Write out, with no changes, every line starting at the one that contains "Medaille af finsølv, præget" and ending at the last line of the data below. Leave pictures out.

....................

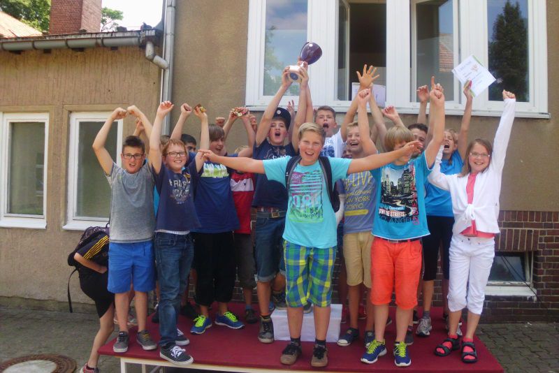 Beim Sportfest wurden jeweils die Klassenbesten in den Disziplinen Weitsprung, Weitwurf, Kugelstoßen und Sprint gekürt. Höhepunkt war dann der Kampf um den beliebten Wanderpokal. Nach vier verschiedenen Staffelspielen gelang es diesmal der 6. Klasse den Pokal zu erobern.
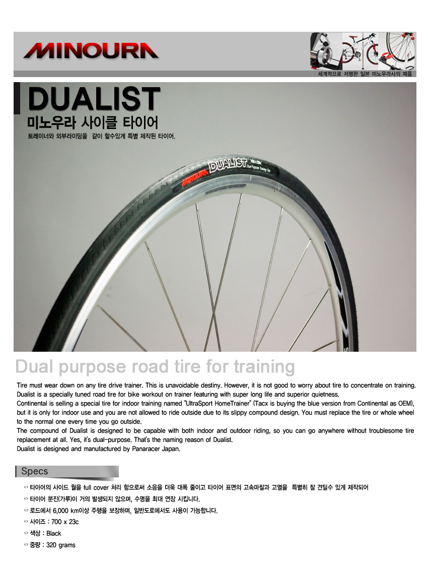 미노우라 듀얼리스트 사이클 타이어 700Cx23 롤러용
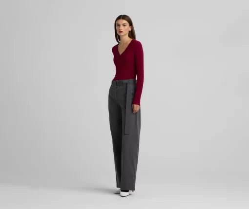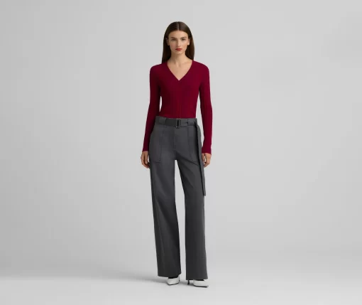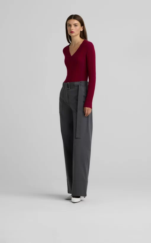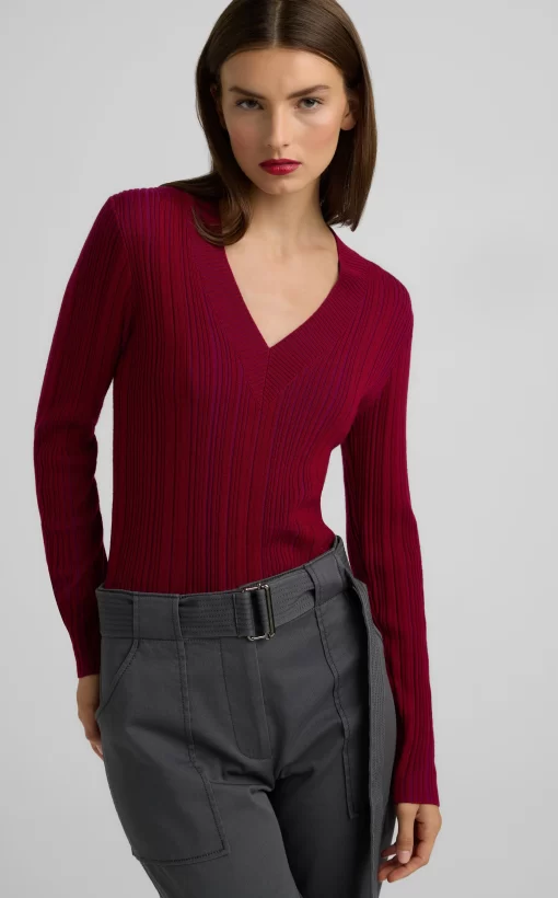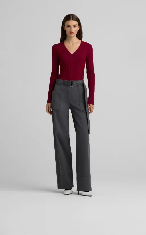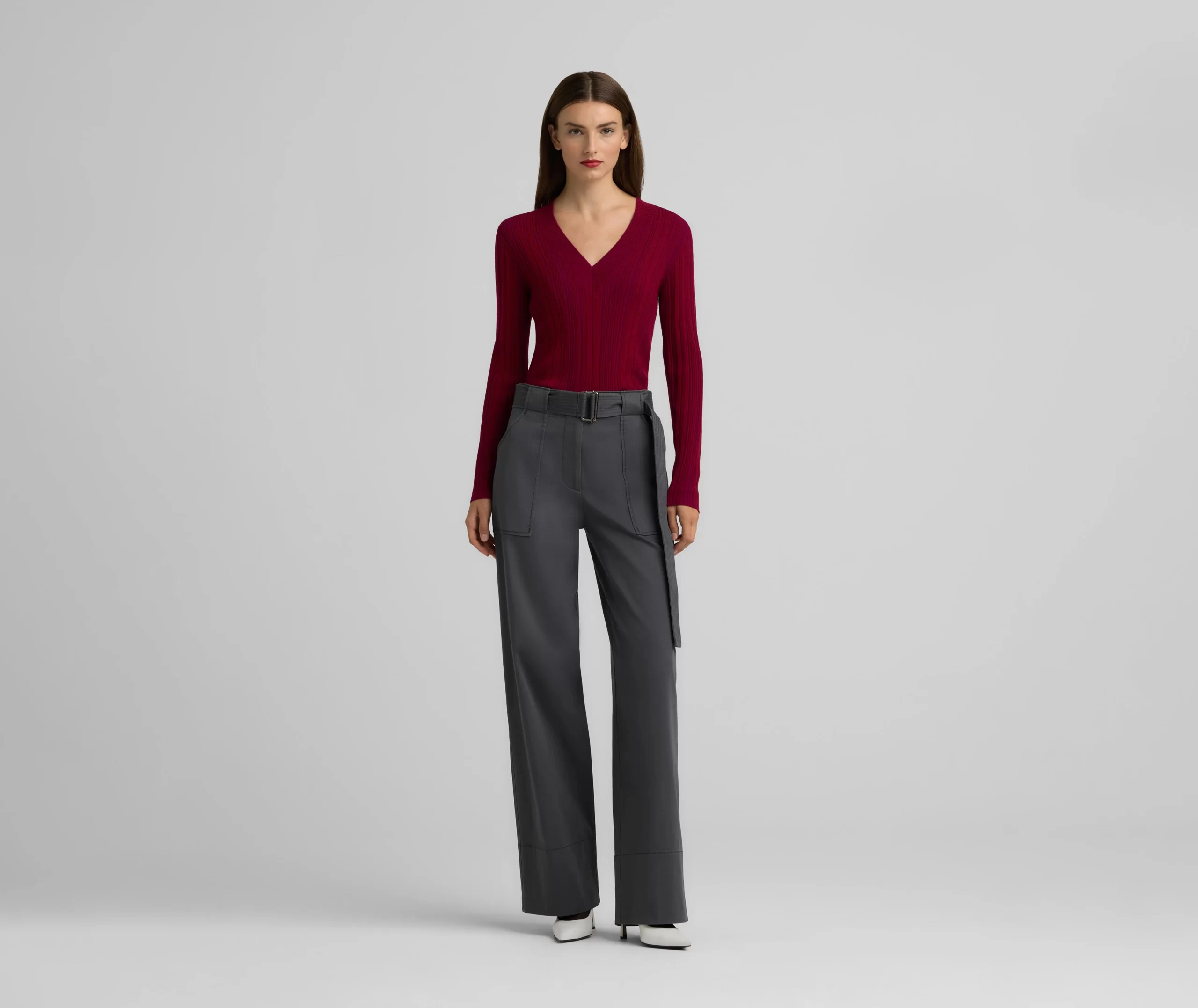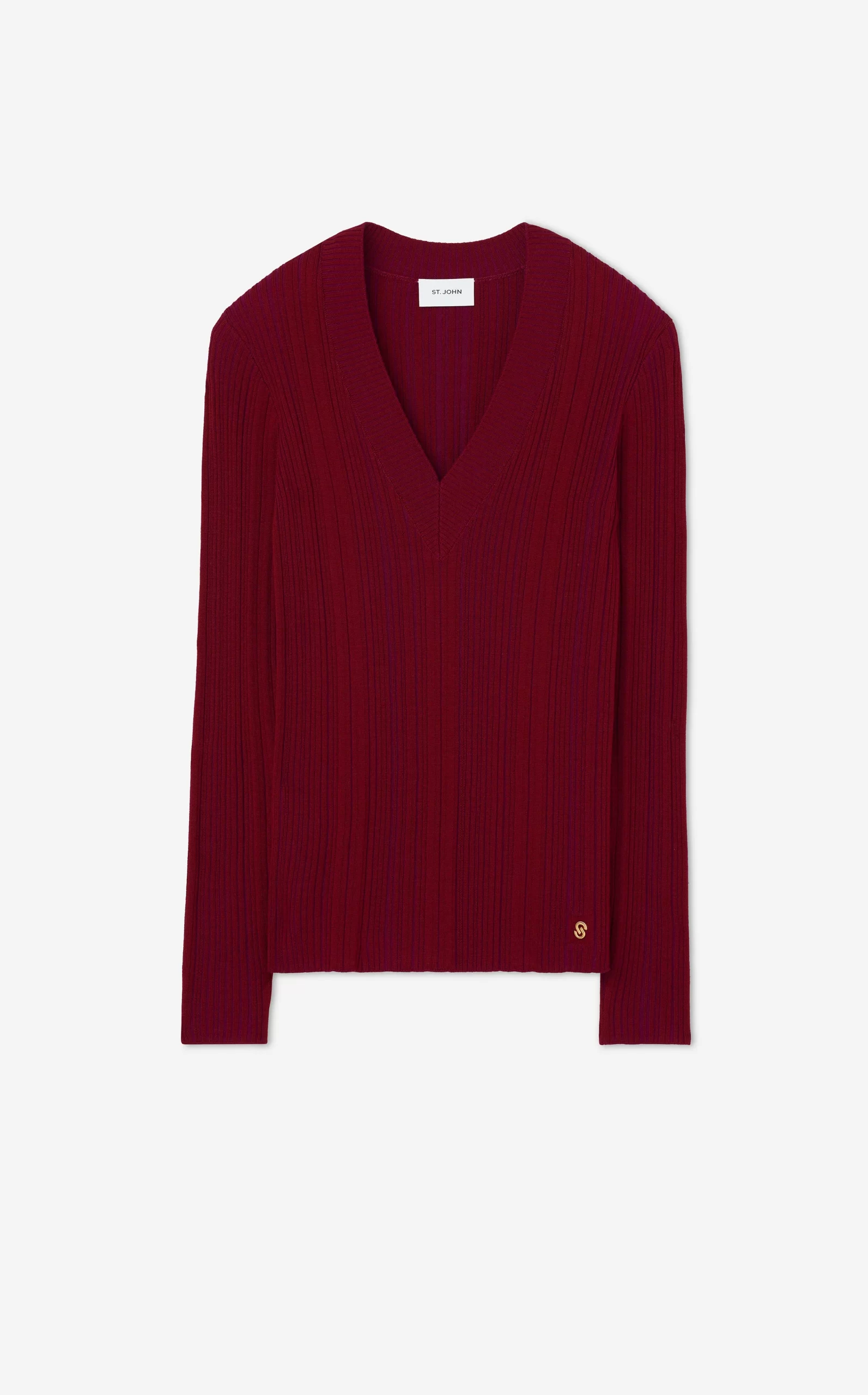 Crafted from 100% wool, this plaited rib V-neck sweater brings a tonal striped texture to a simple silhouette, a luxurious pick for cooler months.
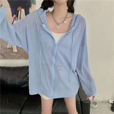 여성 여름 데일리 쿨 오버핏 루즈핏 자외선 햇빛 차단 비치 커버업 에어컨 시스루 얇은 시원한 아우터 롱 긴팔 후드 집업 시스루오버썸머후드집업
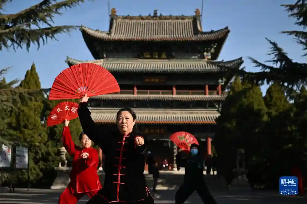 在太原市迎泽区迎泽公园,市民在练习太极扇(2023年3月1日摄)。新华社记者詹彦摄
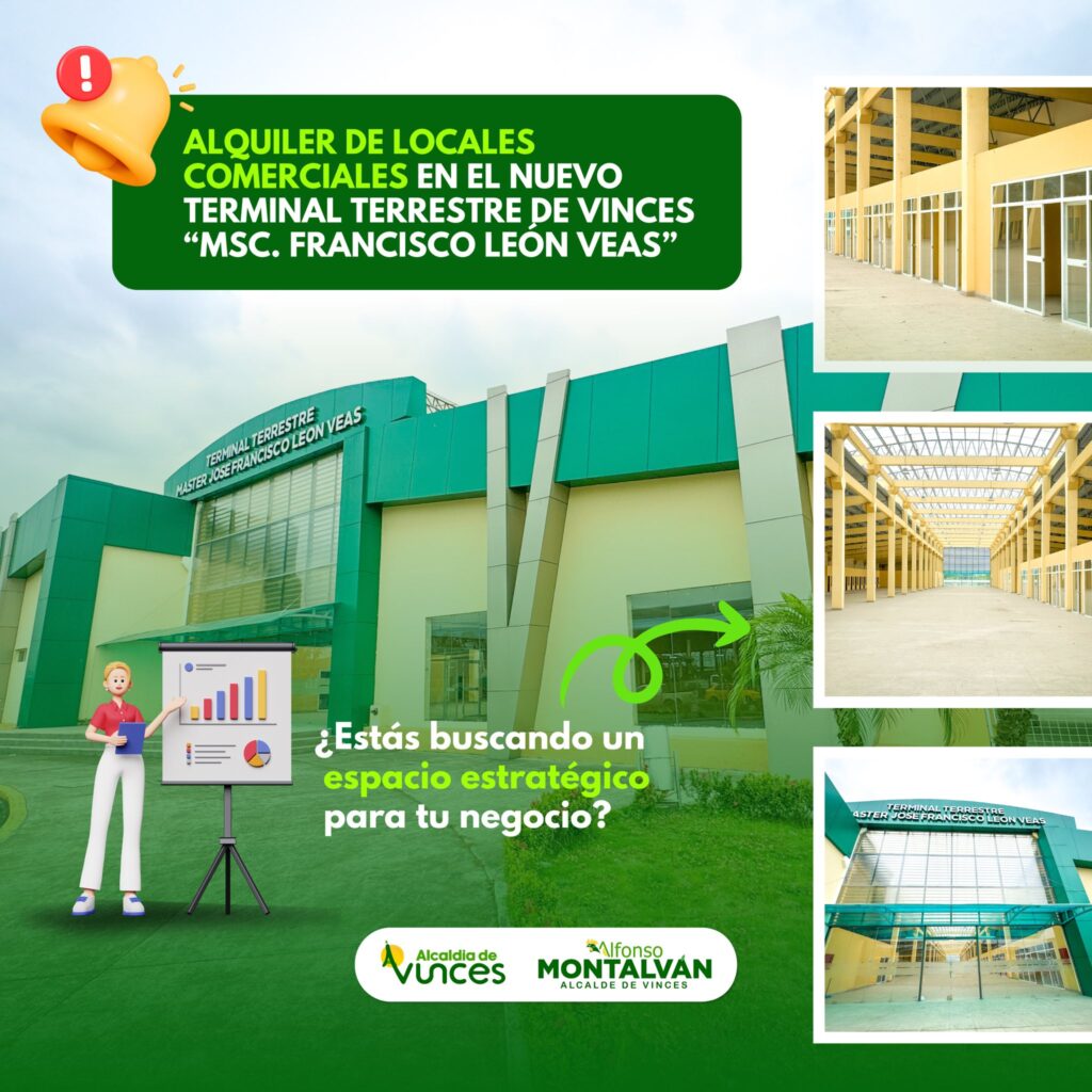 El Nuevo Terminal Terrestre de Vinces “Msc. Francisco León Veas” abre la convocatoria para el alquiler de locales comerciales, ideales
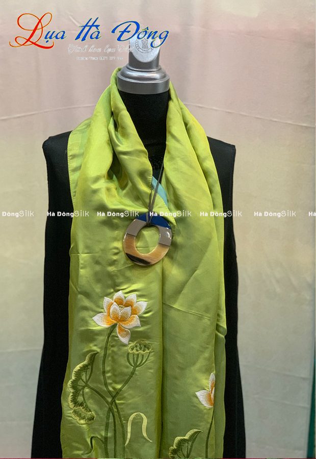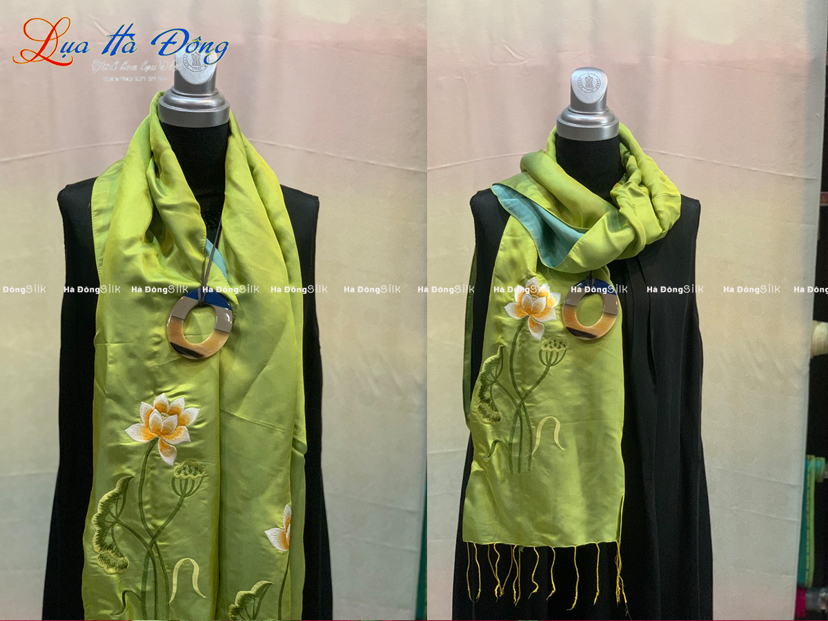 Khăn lụa từ lâu đã trở thành phụ kiện không thể thiếu trong tủ đồ của người phụ nữ, góp phần tôn lên vẻ đẹp sang trọng, quý phái và đầy tinh tế. Nổi bật trong số đó là khăn lụa tơ tằm thêu sen. Một sự kết hợp hoàn hảo giữa nghệ thuật và thủ công Việt Nam. Với thương hiệu Lụa Hà Đông do Mỹ Nghệ Việt phân phối tại thị trường Hồ Chí Minh. Chúng tôi tự tin mang đến cho Quý khách những sản phẩm lụa Việt được các nghệ nhân làng nghề thủ công sản xuất chính gốc.
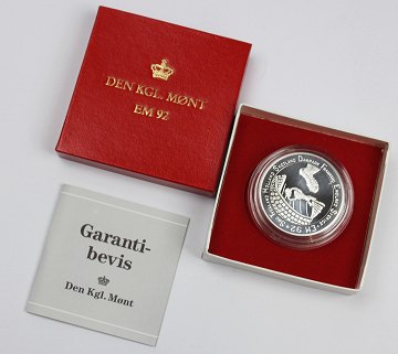 Medaille af finsølv, præget hos Den Kgl. Mønt i anledning af, at Danmark vinder Europamesterskabet i fodbold i 1992. Ø. 38 mm.
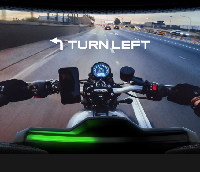 The helmet's heads-up display shows critical information, such as navigation, speed, and weather updates, right in front of your eyes, without obscuring your vision.

....................

Result for this exercise:
 Medaille af finsølv, præget hos Den Kgl. Mønt i anledning af, at Danmark vinder Europamesterskabet i fodbold i 1992. Ø. 38 mm.
 The helmet's heads-up display shows critical information, such as navigation, speed, and weather updates, right in front of your eyes, without obscuring your vision.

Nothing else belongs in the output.